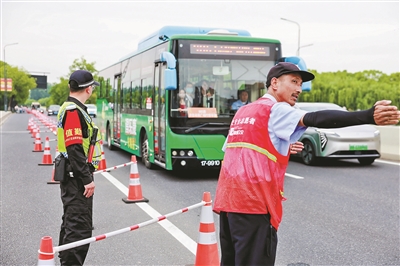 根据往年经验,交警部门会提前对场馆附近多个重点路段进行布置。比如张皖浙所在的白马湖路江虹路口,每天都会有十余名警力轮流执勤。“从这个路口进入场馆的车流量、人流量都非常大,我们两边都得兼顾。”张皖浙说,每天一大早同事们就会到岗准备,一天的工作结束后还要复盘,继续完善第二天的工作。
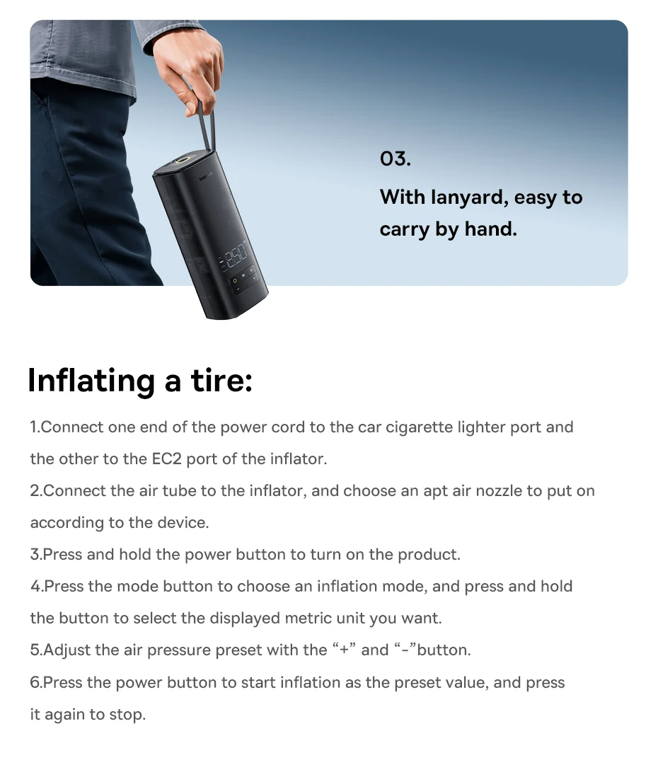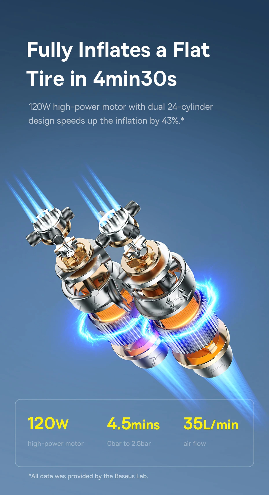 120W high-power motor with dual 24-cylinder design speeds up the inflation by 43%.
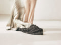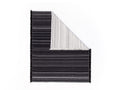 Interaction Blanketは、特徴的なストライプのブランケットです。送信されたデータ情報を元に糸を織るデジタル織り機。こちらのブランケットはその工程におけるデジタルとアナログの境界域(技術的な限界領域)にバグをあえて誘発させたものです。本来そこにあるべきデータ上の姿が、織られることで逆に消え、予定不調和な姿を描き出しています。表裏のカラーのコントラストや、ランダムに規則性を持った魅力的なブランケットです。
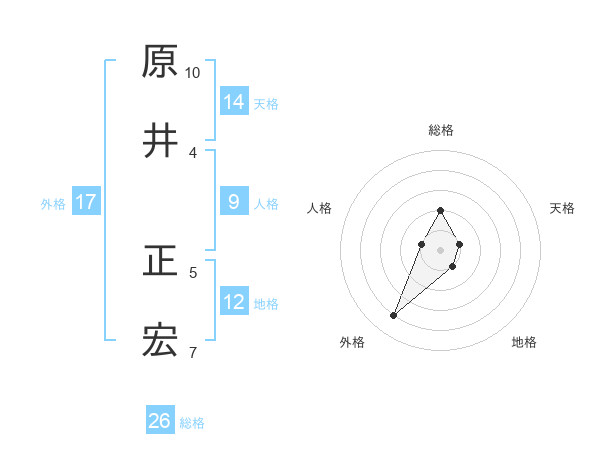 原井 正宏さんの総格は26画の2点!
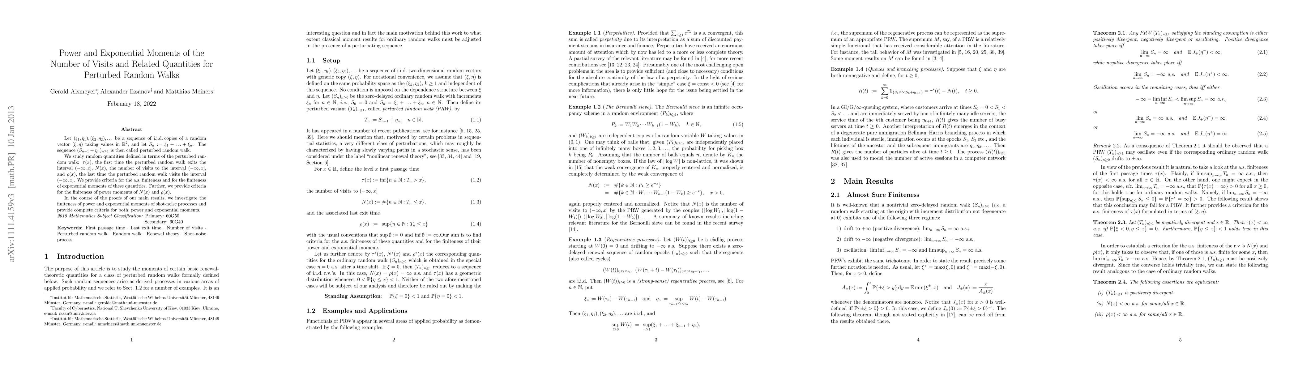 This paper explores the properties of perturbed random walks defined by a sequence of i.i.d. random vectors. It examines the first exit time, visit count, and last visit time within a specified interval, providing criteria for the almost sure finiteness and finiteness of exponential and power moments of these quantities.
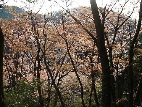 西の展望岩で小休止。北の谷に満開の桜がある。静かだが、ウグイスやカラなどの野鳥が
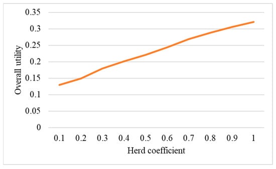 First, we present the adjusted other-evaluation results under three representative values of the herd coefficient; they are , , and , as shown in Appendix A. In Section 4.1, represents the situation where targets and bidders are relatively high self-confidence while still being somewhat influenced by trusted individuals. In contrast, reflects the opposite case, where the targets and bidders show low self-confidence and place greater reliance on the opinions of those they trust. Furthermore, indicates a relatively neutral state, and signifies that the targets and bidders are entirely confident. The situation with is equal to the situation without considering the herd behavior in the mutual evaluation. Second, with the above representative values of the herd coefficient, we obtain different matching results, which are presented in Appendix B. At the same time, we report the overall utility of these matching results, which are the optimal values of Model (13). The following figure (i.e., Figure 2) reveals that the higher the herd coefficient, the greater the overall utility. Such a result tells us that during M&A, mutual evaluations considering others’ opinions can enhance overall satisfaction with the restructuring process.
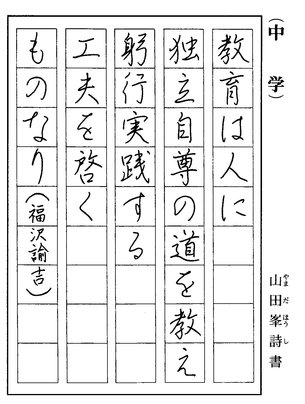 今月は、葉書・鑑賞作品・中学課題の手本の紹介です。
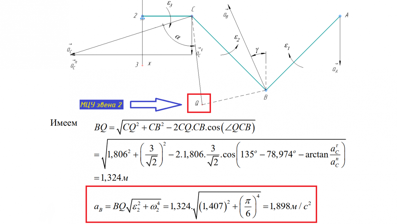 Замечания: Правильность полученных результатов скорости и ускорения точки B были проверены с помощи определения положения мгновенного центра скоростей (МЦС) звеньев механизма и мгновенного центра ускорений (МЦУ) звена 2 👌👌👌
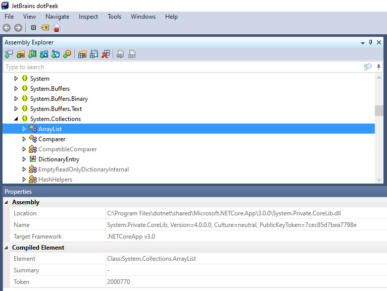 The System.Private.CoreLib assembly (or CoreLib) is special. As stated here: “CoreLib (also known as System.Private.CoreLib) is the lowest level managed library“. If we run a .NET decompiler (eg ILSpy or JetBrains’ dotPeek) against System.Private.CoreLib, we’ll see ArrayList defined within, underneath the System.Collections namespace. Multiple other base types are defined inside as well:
○ ○ ○ ○ ○
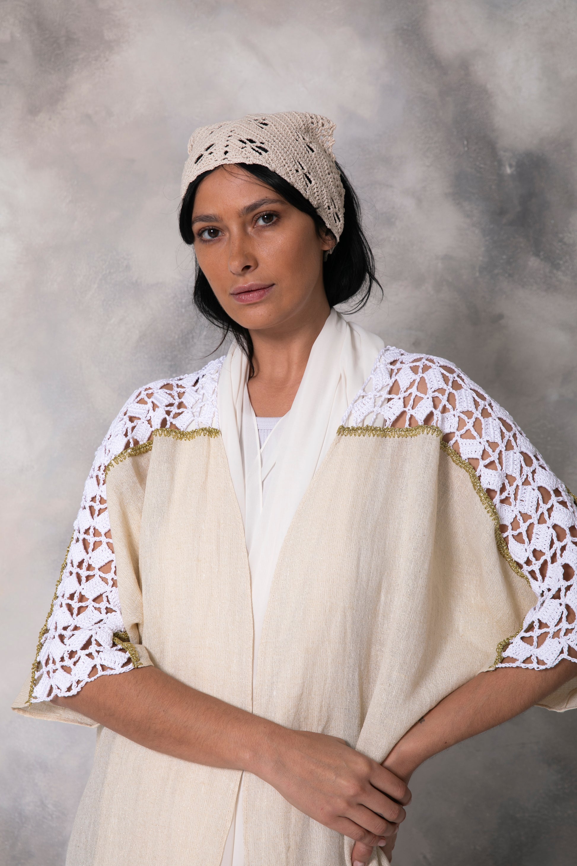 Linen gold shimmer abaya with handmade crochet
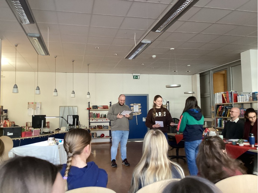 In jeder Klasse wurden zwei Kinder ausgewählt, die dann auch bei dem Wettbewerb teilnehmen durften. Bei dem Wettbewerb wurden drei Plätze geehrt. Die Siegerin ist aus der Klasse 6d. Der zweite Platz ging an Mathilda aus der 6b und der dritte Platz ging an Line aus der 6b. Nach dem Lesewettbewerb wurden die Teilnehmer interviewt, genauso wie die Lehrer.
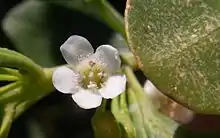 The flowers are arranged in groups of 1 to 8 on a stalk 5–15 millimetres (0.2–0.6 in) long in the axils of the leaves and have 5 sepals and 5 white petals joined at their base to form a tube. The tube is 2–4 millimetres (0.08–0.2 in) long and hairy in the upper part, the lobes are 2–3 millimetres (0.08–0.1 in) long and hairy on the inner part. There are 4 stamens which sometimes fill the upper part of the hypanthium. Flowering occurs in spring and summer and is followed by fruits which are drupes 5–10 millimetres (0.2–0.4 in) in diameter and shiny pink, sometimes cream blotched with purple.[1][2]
○ ○ ○ ○ ○
▶ _Task goal_:
Pictures do not belong in the answer. Return the lines above starting at the one with "根据往年经验,交警部门会提前" and ending at the one with "Interaction Bl", both kept, exactly.

▶ _Answer to this problem_:
 根据往年经验,交警部门会提前对场馆附近多个重点路段进行布置。比如张皖浙所在的白马湖路江虹路口,每天都会有十余名警力轮流执勤。“从这个路口进入场馆的车流量、人流量都非常大,我们两边都得兼顾。”张皖浙说,每天一大早同事们就会到岗准备,一天的工作结束后还要复盘,继续完善第二天的工作。
 120W high-power motor with dual 24-cylinder design speeds up the inflation by 43%.
 Interaction Blanketは、特徴的なストライプのブランケットです。送信されたデータ情報を元に糸を織るデジタル織り機。こちらのブランケットはその工程におけるデジタルとアナログの境界域(技術的な限界領域)にバグをあえて誘発させたものです。本来そこにあるべきデータ上の姿が、織られることで逆に消え、予定不調和な姿を描き出しています。表裏のカラーのコントラストや、ランダムに規則性を持った魅力的なブランケットです。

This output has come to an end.